— Ну и тебе-то что? Что тебе Хрящ, начальник, что ли?

— Хрящ-то? — И Дергач насмешливо посмотрел на Яшку, как бы удивляясь нелепости такого вопроса. — Хрящ ежели поймает меня, то обязательно убьёт.

— Да за что же убьёт? Разве есть такой закон ему, чтобы убивать?

— У них есть закон.

— У кого — у них?

— У настоящих налётчиков. Я со стремя убежал, на которое они меня поставили… А у них так заведено, что кто со стремя самовольно уйдёт, того обязательно убивать, как за измену.

— Что же это за стремя?

— Как бы тебе сказать… Ну, караул… или наблюдатель, которого выставляют возле дома для сигнала, пока грабят. Вот меня Хрящ и поставил, а я убежал нарочно… из-за этого двое тогда сгорели…

— Пожар был?

— Да не пожар… Сгорели — это, значит, попались и в тюрьму сели… Да чего вы стоите, рты поразинув?
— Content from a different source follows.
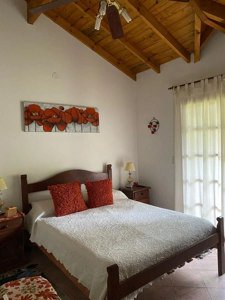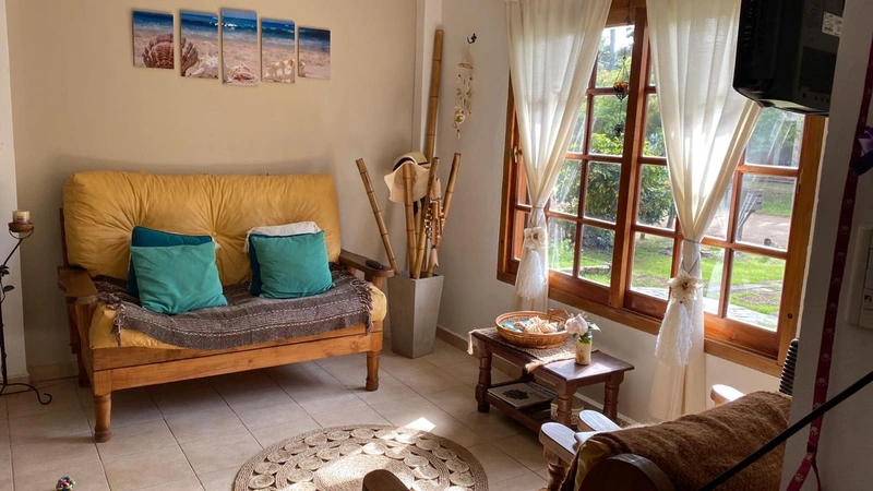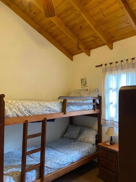 Se trata de una casa tipo duplex con dos dormitorios (el principal con vestidor, TV 50” con Netflix, Prime, etc. y balcón) y baño completo en piso alto, con ventilador de techo y amplios placards.

— Чудно больно, Дергач, — робко ответил Валька. — И рассказ такой страшный, и слова какие-то непонятные…

— С собаками будешь жить — сам насобачишься. И до чего вредный этот Хрящ! Сколько он ребят смутил, сколько из-за него в исправительных колониях сидят! Эх, и надоела мне эта собачья жизнь! Всё равно, ежели хоть не найду своего дома, ото всех сил буду стараться куда-нибудь пристроиться — к сапожнику в ученики либо в подшивалки, — уж где-нибудь, а приткнусь. Да чего тут говорить? — кончил Дергач и тряхнул лохматой головой. — Трудно хоть, но если захочешь, то всё-таки на хороший путь вывернешься… Кончим про это разговаривать, побежим лучше на речку пиявок ловить; у Козьего заброда есть страшенные; потом купаться будем, а то чего про горе раздумывать…

Дома мать сказала Яшке:

— А тебя тут отец всё разыскивал. Фотографию какую-то, говорит, не брал ли ты.

— Какую ещё фотографию?

— Да спроси у него самого. Он в амбаре чего-то роется.

«Вот ещё новая напасть, — подумал Яшка. — И на что она ему понадобилась?»

Из амбара вышел отец. Он был засыпан пылью и держал в руках кипу каких-то пожелтевших бумаг.

— Яшенька, — сказал он ласково, — не видал ли ты где карточку с пальмой?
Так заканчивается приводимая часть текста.